# Marquette Bait and Tackle



## zzcop302 (Jun 29, 2013)

Unless I've just not found it, I don't think Marquette has a true bait and tackle shop, which is surprising to me considering it's the largest town in the UP and a popular fishing location.
Other than Walmart and an even more limited stock at Menards, there really is no place I'm aware of to buy tackle.
As far as bait, I'm only aware of Walmart and a few mini marts who sell crawlers.... not really impressed with the bait quality at either business.... and not aware of any places that sell minnows.
Does anyone have suggestions?
Thanks in advance.


----------



## Vasilije (May 20, 2012)

There used to be a Gander's Mountain - sadly that is no longer. Not sure of other places.


----------



## Teggs (Mar 20, 2013)

Superior outfitters on front street. Down town marquette. Across the street from getzs


----------



## zzcop302 (Jun 29, 2013)

Thanks Teggs,
I just had a friend message me and let me know about Superior Outfitters.... I'm going to check it out next time I'm in Marquette.


----------



## Teggs (Mar 20, 2013)

No problem. They should have whatever you need. You can also special order any type of bait you want and have it delivered as long as you call a day or two in advance. i know some guys are picky about their minnows and i am not sure what they have on hand year round.
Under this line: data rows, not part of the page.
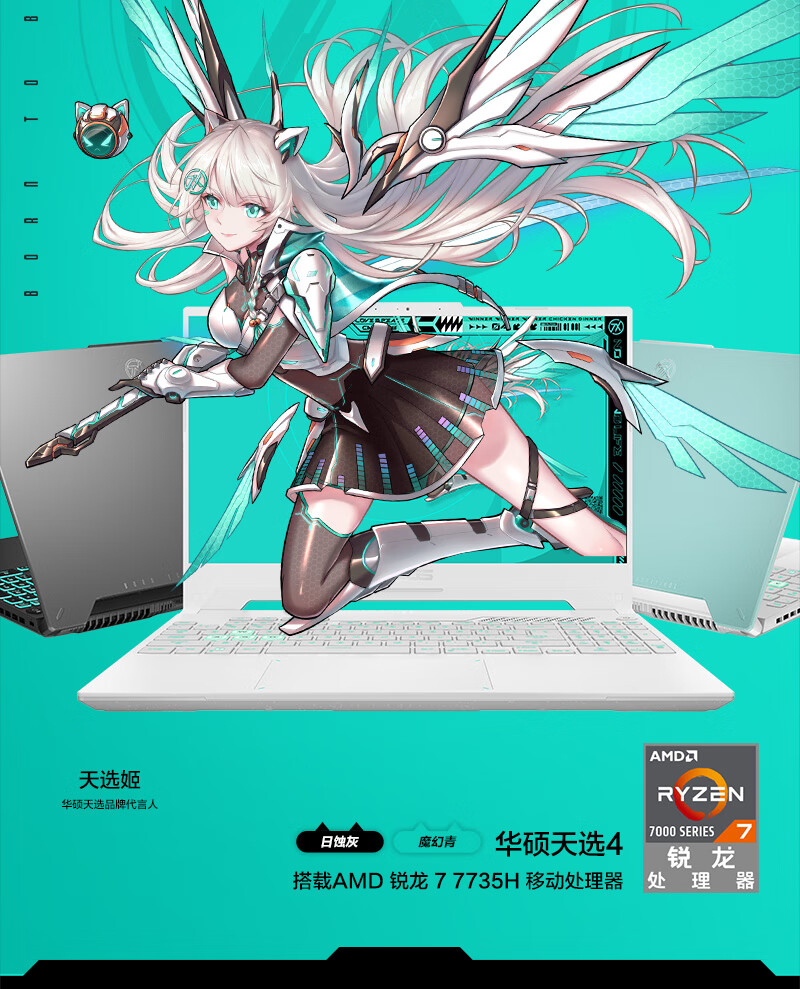 華碩(ASUS)天選4 銳龍版 15.6英寸高性能電競游戲本 筆記本電腦(新R7-7735H 16G 512G RTX4050 144Hz高色域電競屏)灰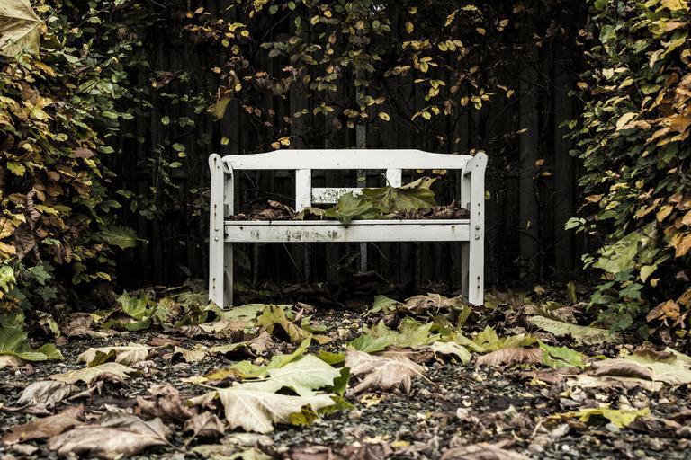 Keywords: bench trees leaves autumn backyard weathered rustic fall environment nature lonely peaceful empty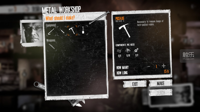 基于这个限制,为避免玩家一个外出场景跑4趟,影响游戏流畅度,这种现场仅在能恢复角色疲惫值的家中才有(全篇里一共就两个)。由于《广播》中上门商人不提供基础素材,导致镐头制作有一定成本,使它的存在非常尴尬,并没有因相应的新鲜感带来多少满足。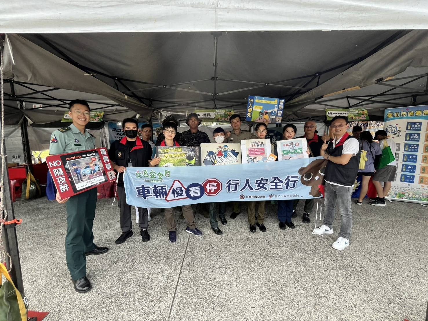 交北市政府交通警察大隊參與由臺北市政府消防局主辦之「114年國家防災日」活動,結合交通安全宣導,期盼透過寓教於樂方式,提升市民防災意識,並強化正確用路觀念。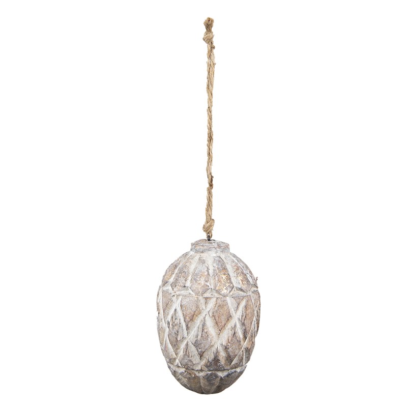 Clayre & Eef Christmas Ornament Pinecone Ø 11x15 cm Brown Grey Wood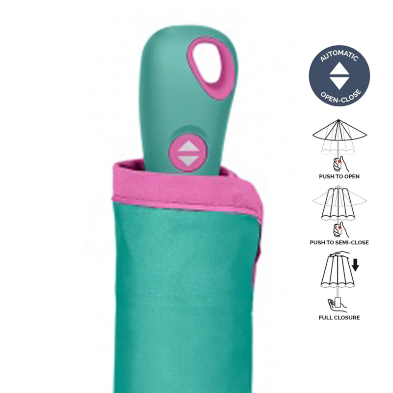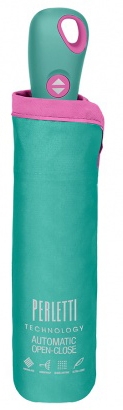 Дамски автоматичен Open-Close чадър Perletti Technology 21808, Тюркоаз

I always specil order jumbo shinners in the winter time


----------



## bigmac (Nov 28, 2000)

downtown Ish has a little mom and pop store with live bait...at least used too


----------



## zzcop302 (Jun 29, 2013)

bigmac said:


> downtown Ish has a little mom and pop store with live bait...at least used too


I will have to take a look... I want to fish Parent and King Lakes near Republic and will be passing through Ishpeming.
Thanks for the information.


----------



## Teggs (Mar 20, 2013)

The mom and pop shop is in downtown ish. Its called wilderness sports. There is a spot in champion as well on ur way to parent/king. Its called champion bait and tackle, not sure what they have though, i was in there once right when it opend.


----------



## zzcop302 (Jun 29, 2013)

Teggs said:


> The mom and pop shop is in downtown ish. Its called wilderness sports. There is a spot in champion as well on ur way to parent/king. Its called champion bait and tackle, not sure what they have though, i was in there once right when it opend.


Thanks for the information.
Sending you a PM.


----------